This document describes how Turkey will just-in-time compile code. This was never implemented.
JIT compilation translates Turkey bytecode into machine code while running, in contrast to intepreting the bytecode.
JIT compilation is enabled if you set the 'debug' property of TurkeySettings to 'false' that you pass into turkey_init(). Setting the 'debug' property to 'true' will result in the bytecode being interpreted instead of JIT compiled (which may be your intention if you're trying to debug an application you are developing.) This document describes how the Turkey JIT compiler works internally.
Turkey bytecode is dynamically typed, which is a result of Shovel being a dynamically typed language. Attempting to add two variables together can perform vastly different operations - appending two strings together, calling the '+' element of an object, adding two floats together, adding two integers together, or it could be an invalid operation (such as adding two functions together). To solve this problem, Turkey uses basic block versioning.
Turkey converts bytecode into single static assignment form when the bytecode is loaded. SSA form is represented as one/two-instruction addresses, with the 'destination' being the instruction's location, for example:
0: Integer 5
1: Integer 10
2: Add [0] [1]
There a various optimizations that are done by looking at the single static assignment form - constant propagation, dead code elimination, and common sub-expression elimination. SSA optimizations are only done if OPTIMIZE_SSA is enabled (it is defined by default in turkey.h).

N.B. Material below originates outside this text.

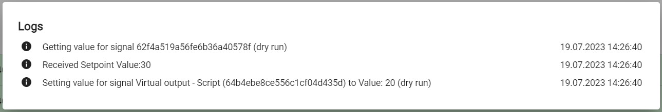 The log can be viewed via the plus symbol on the right. Here actions of the script are listed and calculated or queried or set values can be viewed.
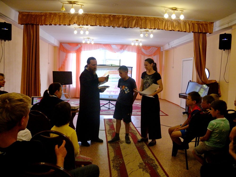Подготовленные к нашему приезду сочинения о здоровом образе жизни читали вслух. Дети дружно включались в обсуждение. Чтобы детям было интересно, мы провели нашу встречу в форме конкурса, и конечно же каждый получил сладкий приз, за что большое спасибо протоиерею Александру Талько, руководителю епархиального отдела по церковной благотворительности и социальному служению.

SSA form is not stored out to bytcode - because a) it can be larger - all SSA form instructions are 9 bytes, while bytecode instructions can a small as one 1 byte, and b) SSA form is unsafe - it's designed to be fast to compile into machine code, and so many checks that are present when loading and parsing bytecode are not done with SSA form (and we can avoid doing them - as we can treat the compiler as a trusted source - but if they came from a file, we cannot assume the same.)

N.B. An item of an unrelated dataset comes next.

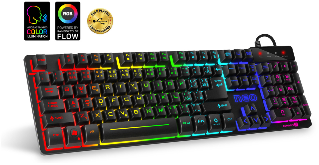 CONNECT IT NEO klávesnice pro hráče (CZ+SK verze), RGB podsvícení, reaguje na zvuk

You can print out the SSA form by compiling ssa_printer.cpp with PRINT_SSA defined. However, PRINT_SSA introduces a dependency on stdio.h (for printf) which may not be avaliable on bare metal platforms.
Being a dynamic language, not all types are known when generating SSA form - particularly types of parameters, when we read an element of an aggregate object, and when function calls return a value. There are two things we want to avoid doing - a) having to pass around types - because we have limited registers and memory access is slow, so we would prefer to be able to remove having to pass around types all of the time - and avoiding having to encode it into high-bits of registers or something, allowing us to have the entire width of the register for storing values, and b) type checking everytime we perform an operation, because there are 121-combinations of types for two address instructions - with most combinations having different outcomes.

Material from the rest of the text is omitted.